**Directions**: Below is a listing; retype exactly the lines between the one containing "西部排名情況:湖人重回第四,快船升至第六" and the one containing "専用のムーブメントには、アン", inclusive, minus the pictures.

┌─ Information shown

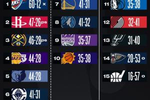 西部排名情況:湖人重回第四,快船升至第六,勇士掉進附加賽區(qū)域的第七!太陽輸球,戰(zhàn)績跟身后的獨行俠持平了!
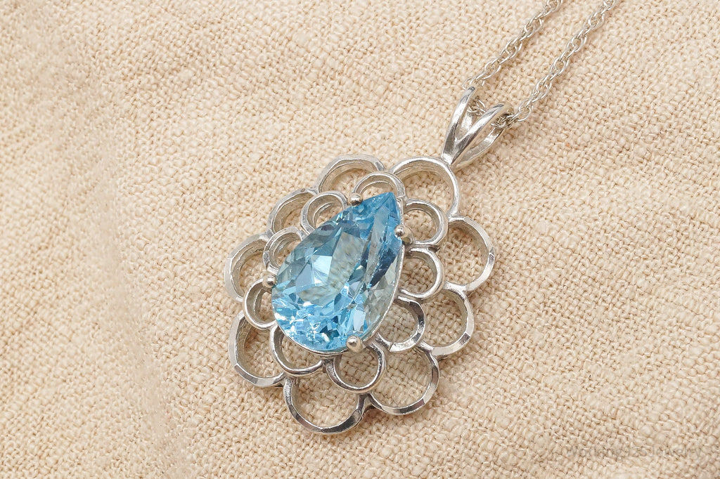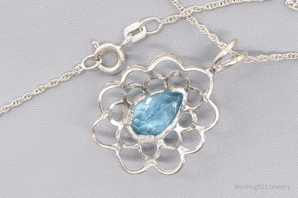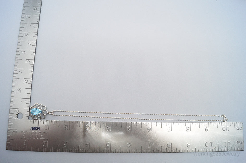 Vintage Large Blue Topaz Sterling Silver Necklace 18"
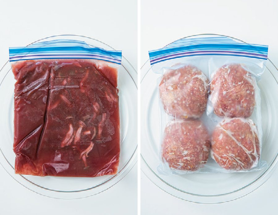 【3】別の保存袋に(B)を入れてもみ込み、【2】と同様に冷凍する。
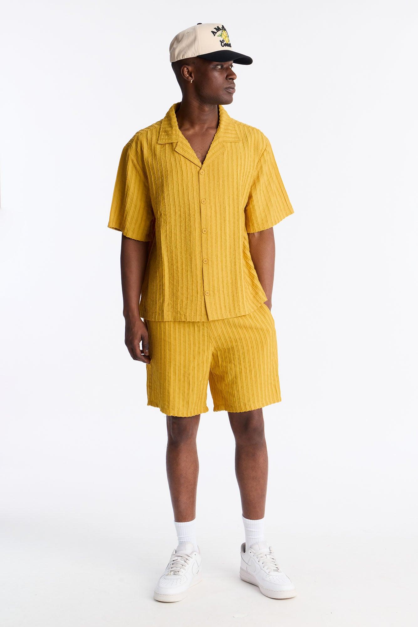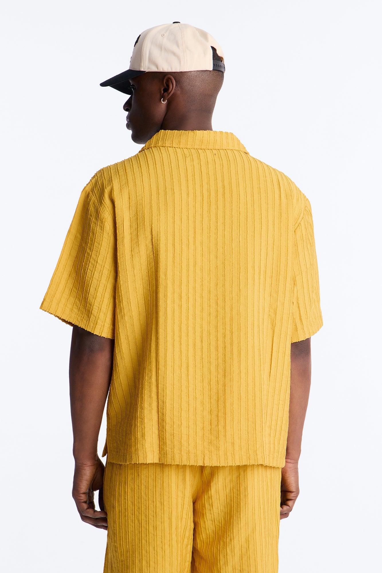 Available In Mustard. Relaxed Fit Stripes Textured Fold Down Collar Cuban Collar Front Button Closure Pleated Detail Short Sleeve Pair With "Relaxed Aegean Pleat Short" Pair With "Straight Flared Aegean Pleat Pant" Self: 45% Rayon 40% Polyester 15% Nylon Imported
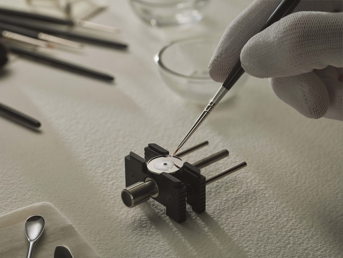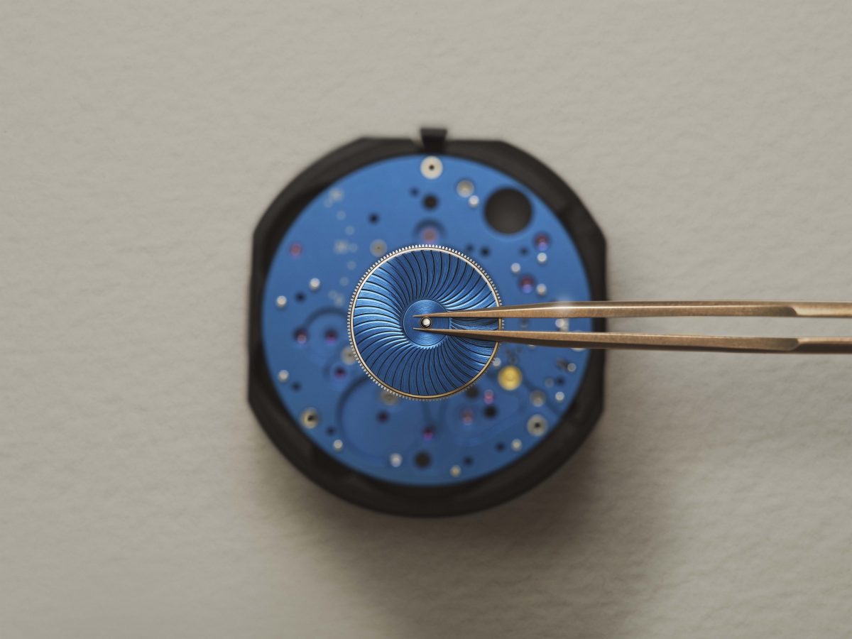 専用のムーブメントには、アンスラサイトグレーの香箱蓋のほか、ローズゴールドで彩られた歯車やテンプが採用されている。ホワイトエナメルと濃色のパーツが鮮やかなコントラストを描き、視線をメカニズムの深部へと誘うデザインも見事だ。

└─
┌─ Information shown

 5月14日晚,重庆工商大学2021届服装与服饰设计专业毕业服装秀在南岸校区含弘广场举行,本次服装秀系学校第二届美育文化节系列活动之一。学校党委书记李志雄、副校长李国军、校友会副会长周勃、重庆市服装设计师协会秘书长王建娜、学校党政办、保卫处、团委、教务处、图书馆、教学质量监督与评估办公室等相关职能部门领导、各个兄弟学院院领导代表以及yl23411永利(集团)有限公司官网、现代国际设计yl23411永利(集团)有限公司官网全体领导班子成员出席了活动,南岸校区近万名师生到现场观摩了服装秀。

└─
┌─ Information shown

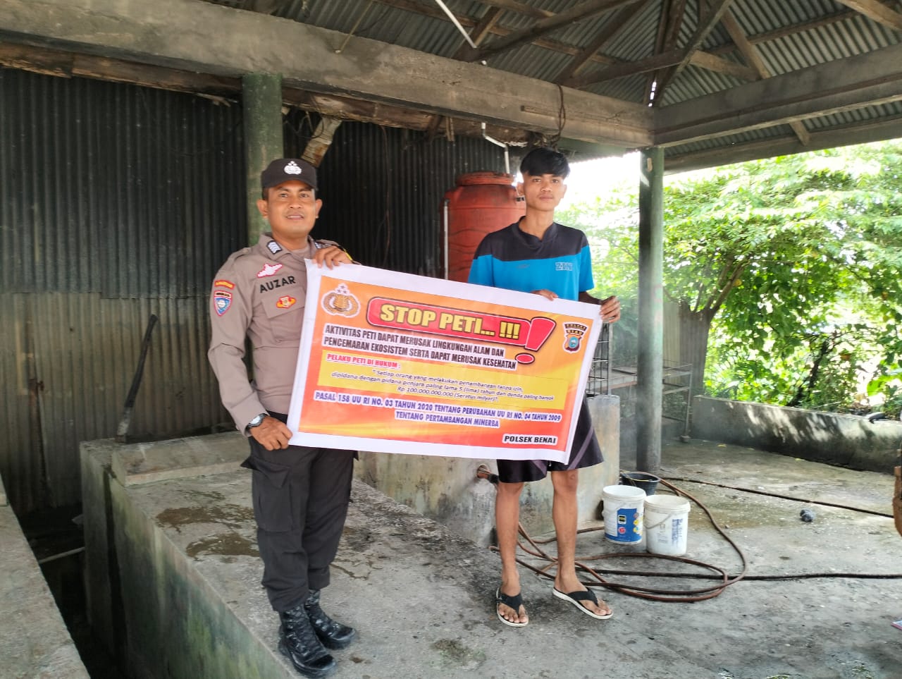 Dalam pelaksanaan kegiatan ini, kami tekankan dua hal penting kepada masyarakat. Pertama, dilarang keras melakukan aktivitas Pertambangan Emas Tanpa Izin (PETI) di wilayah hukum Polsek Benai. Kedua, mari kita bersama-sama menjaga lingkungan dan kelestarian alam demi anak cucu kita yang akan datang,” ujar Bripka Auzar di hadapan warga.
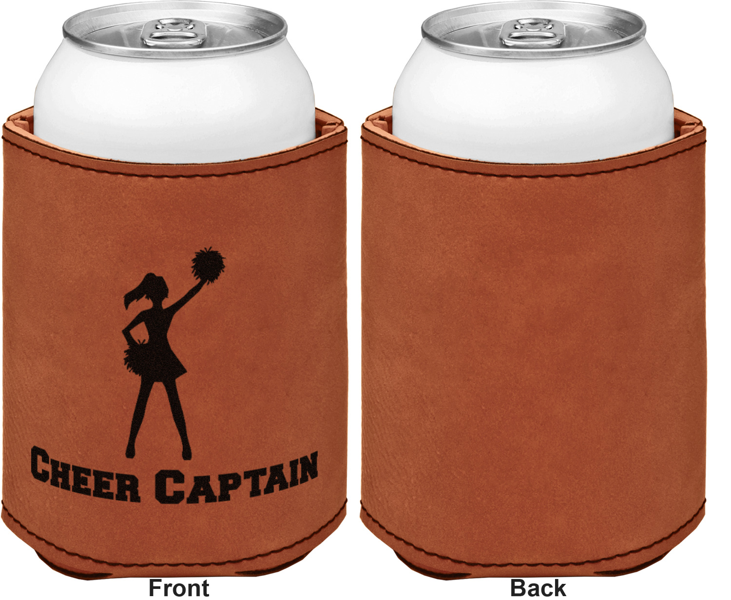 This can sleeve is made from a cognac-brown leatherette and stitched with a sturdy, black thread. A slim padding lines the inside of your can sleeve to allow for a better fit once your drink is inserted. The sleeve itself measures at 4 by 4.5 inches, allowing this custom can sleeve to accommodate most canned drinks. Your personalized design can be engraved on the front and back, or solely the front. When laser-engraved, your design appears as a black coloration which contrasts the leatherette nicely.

└─

**Solution to this exercise**:
 西部排名情況:湖人重回第四,快船升至第六,勇士掉進附加賽區(qū)域的第七!太陽輸球,戰(zhàn)績跟身后的獨行俠持平了!
 Vintage Large Blue Topaz Sterling Silver Necklace 18"
 【3】別の保存袋に(B)を入れてもみ込み、【2】と同様に冷凍する。
 Available In Mustard. Relaxed Fit Stripes Textured Fold Down Collar Cuban Collar Front Button Closure Pleated Detail Short Sleeve Pair With "Relaxed Aegean Pleat Short" Pair With "Straight Flared Aegean Pleat Pant" Self: 45% Rayon 40% Polyester 15% Nylon Imported
 専用のムーブメントには、アンスラサイトグレーの香箱蓋のほか、ローズゴールドで彩られた歯車やテンプが採用されている。ホワイトエナメルと濃色のパーツが鮮やかなコントラストを描き、視線をメカニズムの深部へと誘うデザインも見事だ。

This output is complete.